- Directed by: Jean-Luc Godard
- Written by: Jean-Luc Godard
- Produced by: Philippe de Chaisemartin
- Starring: Jacques Villeret Jean-Luc Godard Les Rita Mitsouko François Périer Dominique Lavanant Éva Darlan Rufus Isabelle Sadoyan
- Cinematography: Caroline Champetier de Ribes
- Edited by: Jean-Luc Godard
- Music by: Francois Musy
- Distributed by: Gaumont Distribution
- Release date: 1987;
- Running time: 82 minutes
- Countries: France Switzerland
- Language: French

= Keep Your Right Up =

Keep Your Right Up (Soigne ta droite / Une place sur la terre) is a 1987 film, written, directed by, and starring French Swiss filmmaker Jean-Luc Godard.

In boxing, Soigne ta droite is a trainer's call to "keep your right up". The title is a reference to Jacques Tati's first short film, Soigne ton gauche (Keep Your Left Up).

==Plot==
Described by Godard as "a fantasy for actor, camera and tape recorder", this film is made up of several sketches in which certain actors play several real or fictional roles to a background of rock music. The film is divided into three sections which inter-cross throughout. In each, a group of people search for their proper place on earth.
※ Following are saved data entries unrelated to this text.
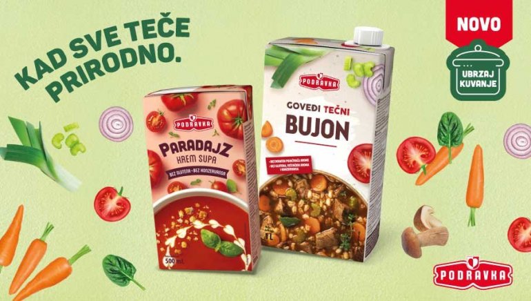 У данашњем ужурбаном животном темпу проналажење времена за припрему брзих и нутритивно уравнотежених оброка често представља изазов. Управо зато, Подравка је развила нову линију готових крем супа и текућих бујона, уз које припрема квалитетних, природних и укусних оброка никада није била једноставнија. Чак и они који се не сналазе у кухињи, у само неколико минута могу уживати у фантастичној крем супи или припремити богато јело уз помоћ готовог бујона. Производи не садрже додане појачиваче арома, глутена, вештачке ароме, боје и конзерванса.
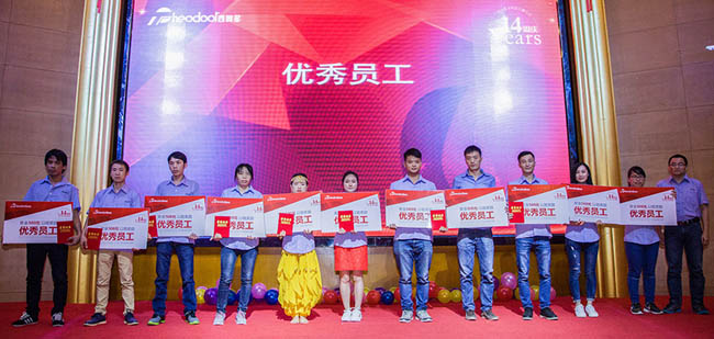 盧總、吳總、蘇總為優(yōu)秀管理者頒獎。
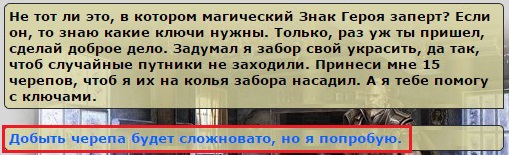 Важное примечание: Персонажи, не имеющие склонности, данный квест закончить не смогут, так как один из его этапов требует выбивание черепов, который невозможно пройти будучи серым персонажем.
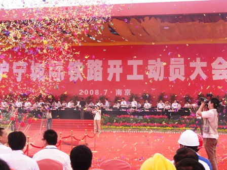 7月1日,滬寧城際鐵路開工動員大會在南京仙林召開,標志著備受矚目的滬寧城際鐵路正式開工建設。大會由江蘇省省長羅志軍主持,中共中央政治局委員、上海市委書記俞正聲宣布工程開工,鐵道部部長劉志軍、江蘇省委書記梁保華、上海市市長韓正分別發(fā)表講話。
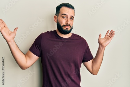 Young man with beard wearing casual t shirt clueless and confused with open arms, no idea and doubtful face.
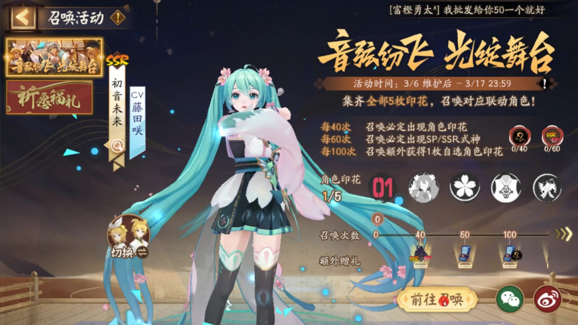阴阳师:我刚开始选的式神是镜音连,抽齐了镜音连以后就抽的初音,但是初音印花全是保底,这不是伤害到我了吗,所以我决定不抽了,只能靠白嫖每日免费一抽再拿个印花了,就结束这次的抽卡,我不想花那么多勾玉了。#今天游戏圈发生了啥#游戏推荐#游戏安利#攻略#游戏资讯#单机游戏
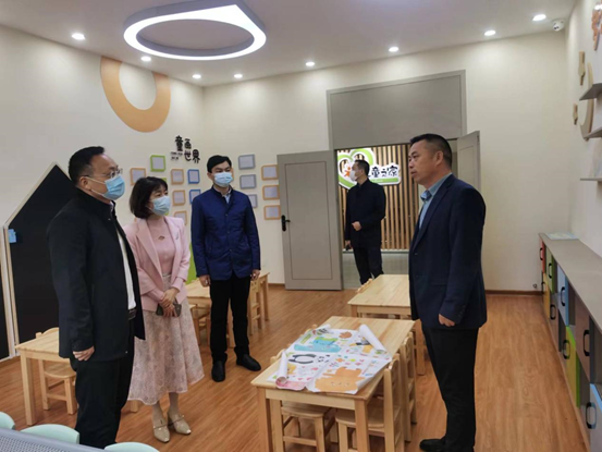 4月29日上午,南湖新区工委委员、管委会副主任方克君,区民政局局长谢芳一行到求索街道天灯社区,指导2022年“儿童之家”民生实事项目建设工作。

In the first, a group of musicians search for the right sound, the ideal harmony. In the second, a man searches for an ideal society and wonders if he is on the wrong planet. In the third, some travellers search for their destination, as Ulysses did in the bygone days.

==Production==
Filming partially took place at the Nantes Atlantique Airport.

==Reception==
On review aggregator website Rotten Tomatoes, the film holds an approval rating of 33% based on 6 reviews, with an average rating of 4.7/10.